The Court is not required to review nonjurisdictional claims arising from events
that occurred before a petitioner entered a plea, because a guilty plea and, by
extension, a no-contest plea
represents a break in the chain of events which has preceded it in the
criminal process. When a criminal defendant has solemnly admitted in
open court that he is in fact guilty of the offense with which he is charged,
he may not thereafter raise independent claims relating to the deprivation
of constitutional rights that occurred prior to the entry of the guilty plea.
He may only attack the voluntary and intelligent character of the guilty plea
....
Tollett v. Henderson, 411 U.S. 258, 267 (1973). Stated differently,
[a] plea of guilty and the ensuing conviction comprehend all of the factual
and legal elements necessary to sustain a binding, final judgment of guilt
and a lawful sentence. Accordingly, when the judgment of conviction
upon a guilty plea has become final and the offender seeks to reopen the
proceeding, the inquiry is ordinarily confined to whether the underlying
plea was both counseled and voluntary. If the answer is in the affirmative
then the conviction and the plea, as a general rule, foreclose the collateral
attack.
United States v. Broce, 488 U.S. 563, 569 (1989); see also Post v. Bradshaw, 621 F.3d
406, 426-27 (6th Cir. 2010) (stating that, “[b]y pleading no contest, Post waived any
objection to the sufficiency of the evidence”); United States v. Freed, 688 F.2d 24, 25-26
(6th Cir. 1982) (stating that, “[l]ike a plea of guilty, a plea of nolo contendere constitutes
12
a waiver of all so-called ‘non-jurisdictional defects’ or, more accurately, any claims not
logically inconsistent with the issue of factual guilt, as well as the right to contest the
factual merits of the charges against him”).

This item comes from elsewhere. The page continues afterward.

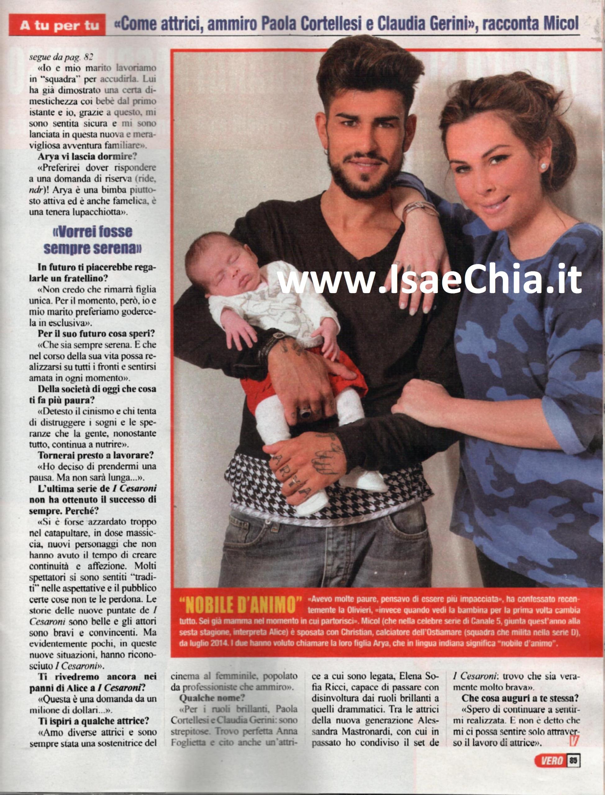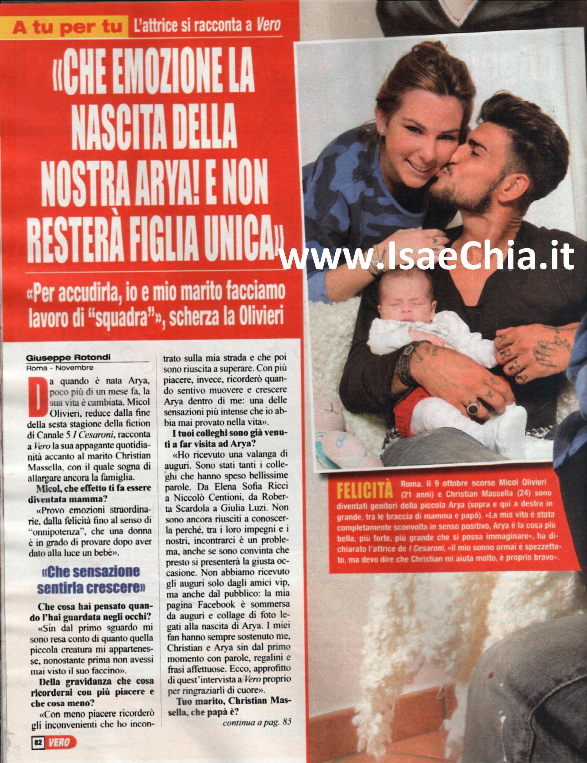 L’attrice Micol Olivieri, nota al grande pubblico soprattutto per il ruolo di Alice girato nella serie I Cesaroni, è appena diventata mamma della piccola Arya, che presenta in questi scatti con lei e il marito Christian Massella. “Provo emozioni straordinarie, dalla felicità al senso di onnipotenza che una donna ha quando è in grado di dare alla luce un bebé. Sin dal primo sguardo ho sentito che quella creatura mi apparteneva, nonostante non conoscessi quel faccino. Sentirla crescere dentro di me è una delle sensazioni più intense che abbia provato nella mia vita. Con meno piacere ricorderò, invece, gli inconvenienti che ho trovato sulla mia strada”. Quando le si chiede se i colleghi le hanno fatto gli auguri, risponde: “Ho ricevuto una valanga di auguri, da Elena Sofia Ricci a Nicolò Centioni, da Roberta Scardola a Giulia Luzi. Non sono ancora riusciti a conoscere Arya, perché tra i loro impegni e i nostri, incontrarci è un problema. Inoltre, abbiamo ricevuto gli auguri anche dai nostri ammiratori sulla pagina Facebook e approfitto di questa intervista per ringraziarli di cuore”. Quando le si chiede che tipo di padre è Christian, risponde: “Io e lui lavoriamo di squadra per accudirla: lui ha mostrato dimestichezza col bebè sin dal primo momento e io, grazie a questo, mi sono sentita sicura e mi sono lanciata in questa nuova vita familiare. E’ una bambina vivace e non dorme di notte, ma non rimarrà figlia unica. Per il momento, però, preferiamo godercela in esclusiva. Per il suo futuro, spero sia sempre serena, che possa realizzarsi e sentirsi sempre amata. Del mondo di oggi detesto il cinismo e il voler distruggere i sogni altrui. Tornare a lavorare? Per ora mi prendo un pausa, ma non sarà lunga”. E, a proposito, quando le si chiede se sarà ancora Alice ne I Cesaroni, risponde: “Questa è una domanda da un milione di dollari! Quest’anno la fiction non ha avuto lo stesso successo; credo sia dovuto al fatto che i nuovi personaggi siano stati “catapultati”, senza poter creare una continuità e un’affezione. Molti spettatori si sono sentiti “traditi” nelle aspettative e il pubblico non perdona. Evidentemente, in quelle situazioni, pochi hanno riconosciuto I Cesaroni”.
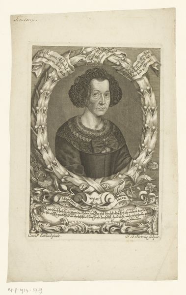 This engraving of Maria Elisabeth Rappolt was made by Christian Romstet around the turn of the 18th century, likely in Germany. It offers an insight into the social conventions around representing women of status during that period. Romstet’s engraving isn't just a straightforward portrait. The oval frame, the Latin inscription, and heraldic symbols elevate Rappolt beyond a simple likeness, underscoring her family's position and intellectual connections. The prominent display of Rappolt's lineage and marital status reflects the importance of family and social standing in that society. The choice of engraving itself, as a reproducible medium, speaks to a desire to disseminate her image and, by extension, her family’s status, beyond a limited circle. Understanding this image requires delving into the visual culture and social structures of the time. Genealogies, local histories, and studies of portraiture conventions would all shed light on the networks of power and influence that shaped its creation. The artwork, therefore, becomes a valuable document for social and institutional historians.

Petitioner was represented by counsel at the plea proceeding, and the record
indicates that his plea was voluntary. As such, he has waived his right to challenge the
alleged deprivation of rights that occurred before he entered his plea. The Court
therefore declines to grant relief on claims 1, 6, 13-23, 26-27, 29, 31-33, 37, and 40.
2. The Double Jeopardy Claim
Petitioner alleges in claim 21.a. that his convictions violate his right not to be
placed in double jeopardy. He claims that he was charged twice for the same crime.
The Tollett/Broce rule quoted above applies to double jeopardy claims unless it
appears “on the face of the record [that] the [trial] court had no power to enter the
conviction or impose the sentence,” Broce, 488 U.S. at 569, or “the charge is one which
the State may not constitutionally prosecute.” Id. at 575 (quoting Menna v. New York,
423 U.S. 61, 62 n.2 (1975)); see also United States v. Ehle, 640 F.3d 689, 693 (6th Cir.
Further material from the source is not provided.